Exercise IV: Minimal Recombination Histories

We now look at parsimonious evolutionary histories, in the sense of histories that require the minimal number of recombinations (assuming the infinite-sites mutation model).

For this, we use the Beagle suite of software.

  1. The program beagle calculates the minimal number of recombinations absolutely needed to explain a list of sequences.

    The input to beagle is a list of lines similar to the sequences at the end of ms' output — in fact we can directly take these and input them to beagle.

    A script such as the following (or similar in Python or Perl) can translate ms' output in to beagle's input.

    #!/bin/env ruby
    
    STDIN.each { |line| if line =~ /^positions/ then break end }
    STDIN.each { |line| print line } 

    Try simulating a few datasets using ms and then run them through beagle. Start with small datasets! How does the running time of beagle grow with the input size?

  2. beagle counts the minimal number of recombinations by essentially reconstructing all histories with first 0, then 1, then 2, etc. recombinations leading to the observed sequences, until it finds one that leads back to a single ancestral sequence.

    The reason it gets so slow as the size increases is that there are a lot of such histories.

    We can count the number of states (not histories, but sets of sequences) that are reachable between the input sequences and an ancestral sequence reachable by the minimal number of recombinations. For this we use the tool greven (danish for Count, but not as in counting but as in nobility...Rune has a sick sense of humour) that takes input in the same format as beagle.

    Try simulating datasets with ms and run them through greven. This time you should really start with small datasets!
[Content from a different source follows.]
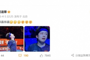 著名中國香港影星任達華在個人微博上曬出自己觀看王楚欽比賽的照片,并配文寫道:恭喜恭喜。之后,王楚欽點贊了這一社媒。

  3. The number of local trees in the ms output tells you how many recombination occurred in the history; there is one more local tree that the number of recombinations.

    We will now try to compare the true number of recombinations with the minimal number of recombinations.

    For this, we need to count the number of local trees at the same time as running the sequences through beagle. We can do this by modifying our scripts from above, e.g. (in Ruby):

    #!/bin/env ruby
    
    if (ARGV.length != 2) then
        print "Usage: count.rb theta rho\n"
        exit 2
    end
    
    $theta = ARGV[0]
    $rho = ARGV[1]
    
    simResult = `./msdir/ms 7 1 -t #{$theta} -r #{$rho} 3000 -T`
    f = File.open('beagle.input','w')
    
    noTrees = 0
    inSeq = false
    simResult.each_line do
      |line|
      noTrees += 1 if line =~ /^\[/
      inSeq = true if line =~ /^positions/
      next         if line =~ /^positions/
      f.print line if inSeq
    end
    
    f.close
    
    print 'True number of recombinations: ', noTrees-1, "\n"
    print `./beagle < beagle.input`  

    Run this for a number of different choices of ρ and θ and calculate the average for each (ρ,θ) point; compare the minimal number of recombinations and the actual number of recombinations.